6. Relation to prior methods, interpretation, and limitations
CompressedVQA-HDR belongs to a broader sequence of attempts to adapt quality assessment to HDR. HDRMAX proposed a feature augmentation that makes SDR-designed models more sensitive to bit depth and HDR-visible distortions in locally bright and dark regions; on LIVE HDR, VMAF+HDRMAX reached SRCC 0.8528 in the full-reference setting, while VBLIINDS+HDRMAX+NOISE reached SRCC 0.8492 in the no-reference setting (Ebenezer et al., 2023).

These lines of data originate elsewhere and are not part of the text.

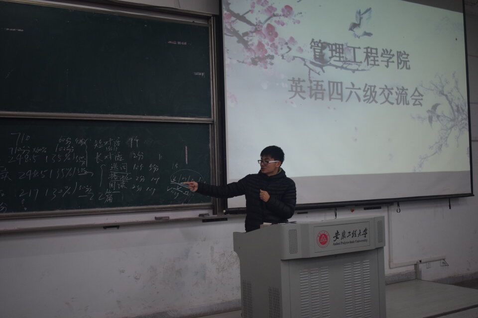 12月5日晚7点,管理工程学院英语四六级交流会在5教217教室举行;物流141张苗苗、人力151刘冬菊、人力152奚近强、国贸152储华琼四位同学主讲,新生辅导员张孝琪、赵恒梅组织2016级学生参加了交流会。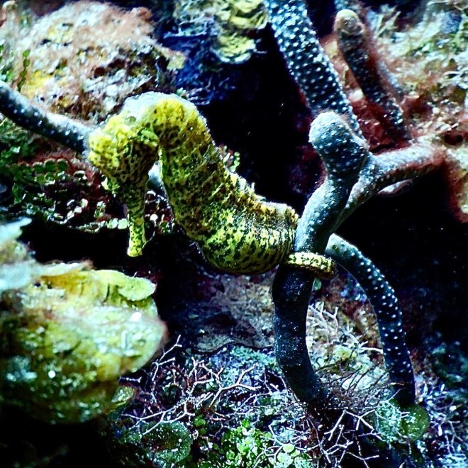 The opposite of hardcore: this seahorse. He was actually very large for a seahorse – several inches, with a big pregnant belly – and bright yellow. Our dive buddy, Emily, described him as a Giant Cartoon Seahorse.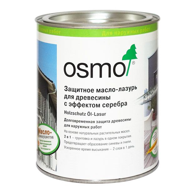 От официального дилера в Тольятти предлагаем Защитное масло-лазурь с эффектом серебра - Масло-лазурь для дерева для наружных работ с эффектом "металлик" от бренда: OSMO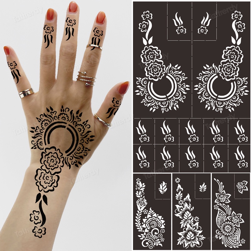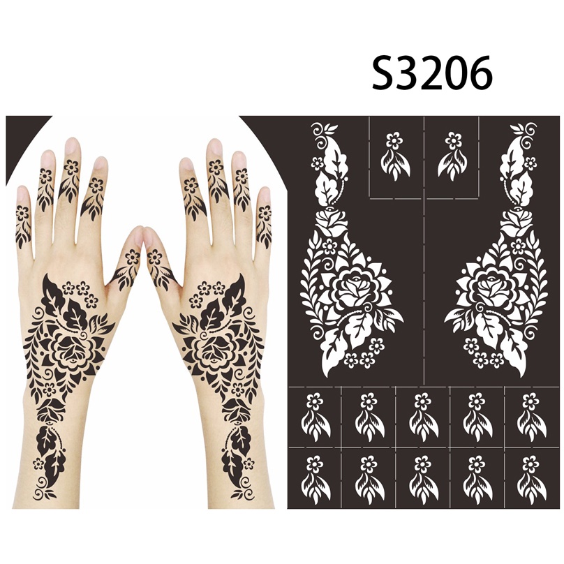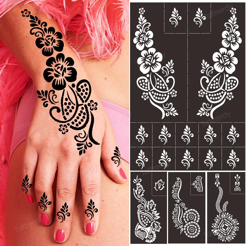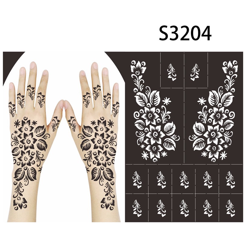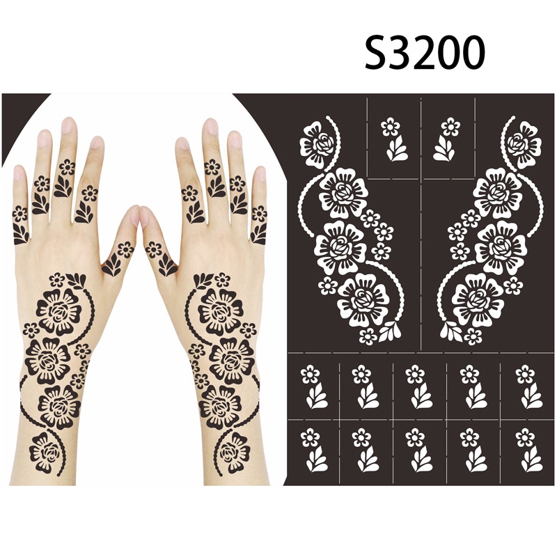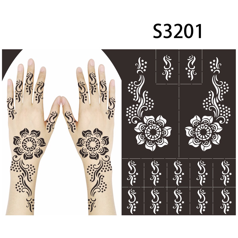 Reusable Temporary Henna Tattoo Stencil Hand Arm Sleeve Face Tattoo Supplies Stencils for Airbrush Painting Template DIY Indian

HIDRO-VQA instead transferred self-supervised SDR representations to HDR using unlabeled HDR videos and reached SROCC 0.8793 in dark ambient and 0.8930 in bright ambient on LIVE-HDR (Saini et al., 2023). In the full-reference compressed-HDR regime, 3C-FUNQUE+ and its HDRMAX-augmented variants achieved strong LIVE-HDR performance, with dark-ambient SROCC up to 0.9022 and bright-ambient SROCC up to 0.8906 (Venkataramanan et al., 2023).
Relative to these methods, CompressedVQA-HDR replaces explicit HDR handcrafting with large pretrained backbones and generalization-oriented training. This suggests that its main novelty lies less in a new HDR psychovisual mechanism than in the way representation learning, dataset transfer, and dual FR/NR formulation are combined. The paper’s own limitations reinforce that reading. It does not introduce explicit temporal modeling beyond frame averaging, does not report parameter counts or runtime, and does not add bespoke luminance-adaptation or transfer-function-aware modules. Its HDR specificity is therefore largely empirical and data-driven rather than mechanistically modeled (Sun et al., 16 Jul 2025).
A broader field-level implication is that CompressedVQA-HDR marks a transitional stage between earlier lab-oriented HDR benchmarks and later large-scale HDR-UGC systems. Later work such as Beyond8Bits and HDR-Q extends the same generalization agenda toward tens of thousands of HDR-UGC videos, HDR-native multimodal reasoning, and explicit HDR-vs-SDR contrastive learning (Saini et al., 1 Mar 2026). In that sense, CompressedVQA-HDR can be read as a foundation-model adaptation of compressed VQA to HDR, positioned between feature-engineered HDR extensions and the subsequent move toward large-scale, UGC-driven, HDR-native learning.